I gave it up last week. I just couldn't do it anymore. I honestly had grown to hate it. I never loved it, but I knew I was doing a great thing for Matthew. It got to the point, though, that when I would sit to pump, I would almost have an anxiety attack. The stress of that would inhibit my let down, and I would get frustrated about that. It just wasn't worth it anymore. Of course, I had the internal dialogue with myself..."You've done it for 9 1/2 months, it's okay to stop now." And the flip side... "You've done it for 9 1/2 months, you can do it 2 1/2 more!" But the truth is that I needed to stop for myself. I am still struggling with the guilt, especially since Matthew isn't taking his bottles like he was before. But I feel a huge weight lifted off my shoulders these days.

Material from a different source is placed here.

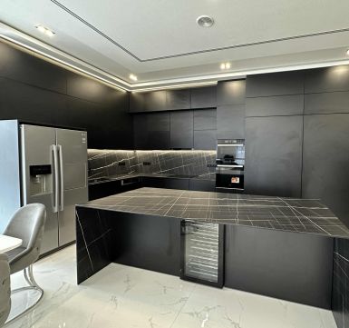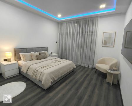 Az otthonban 3 kényelmes hálószoba található, melyek közül kettő saját, elegáns fürdőszobával és WC-vel rendelkezik, maximális intimitást és komfortot biztosítva. A burkolatok kiválasztásánál a legmagasabb minőség volt az elsődleges szempont: az ingatlant igényes márvány burkolatok, valamint magas minőségű, egyedileg tervezett konyhabútor teszik igazán exkluzívvá. A ház karakterét tovább emeli az egyedi méretezésű, prémium minőségű bejárati ajtó.

***If it comes to mind, could you please say a prayer for my sweet husband? This is an extremely stressful time for him at work. He is preparing for the EOCT (end of course testing) at his school for close to 4,000 students. He is a perfectionist when it comes to his work and gives 110%, plus this is a huge responsibility for one person. He was awake at 2:30 this morning and will work late every night until (and after) the testing is over, which is in two weeks. I worry about him, obviously because I love him, but also because of his past heart issues. He had a heart attack in May of 2007. Not your typical heart attack due to blockage, but due to an artery spasm which decreased oxygen to his heart muscle. He takes medication daily to help keep those vessels relaxed, but stress can aggrevate the problem, so please pray that he does okay. And that I can be supportive and encouraging to him during this time. Thanks!

That's all I have time for right now. Thanks for reading!

Love,
Tonya

4 comments:

  1. Tonya... I will totally be praying for Gib's health during the next couple of weeks. Wow, and for you as I know when the daddy is soooo busy it puts a bit more on the mama of the house:) Thinking of you all, how does the summer look? Any chance for that road trip??:) Love you Tonya!

    ReplyDelete
  2. I'll be praying for Gib... hey... what size does Jessica wear? Shoes and otherwise... sometimes I buy ahead for H, but she may even be able to wear my black shoes... I have an assortment! Call me if you'd like...

    ReplyDelete
  3. I will be praying for Gib and his health.
    What formula are you giving Matthew? For some crazy reason I got Similac Advance in the mail Friday! If you need it I will be glad to let you have it, I do not know what to do with it....mjdswaters@msn.com.

    ReplyDelete
  4. How is Gib doing this week? Tell him he needs to do some breathing and stretching exercises every morning. : ) I'm praying for him and you all. This time of year is stressful.
    Chris is so busy right now. I can't even tell you what time he gets up in the morning. I'm thinking it's before 4am. : (

    Tonya, you did a great job. Pumping for all that time is incredible and you are incredible. Please don't put any more guilt or pressure on yourself. You need to take care of yourself too.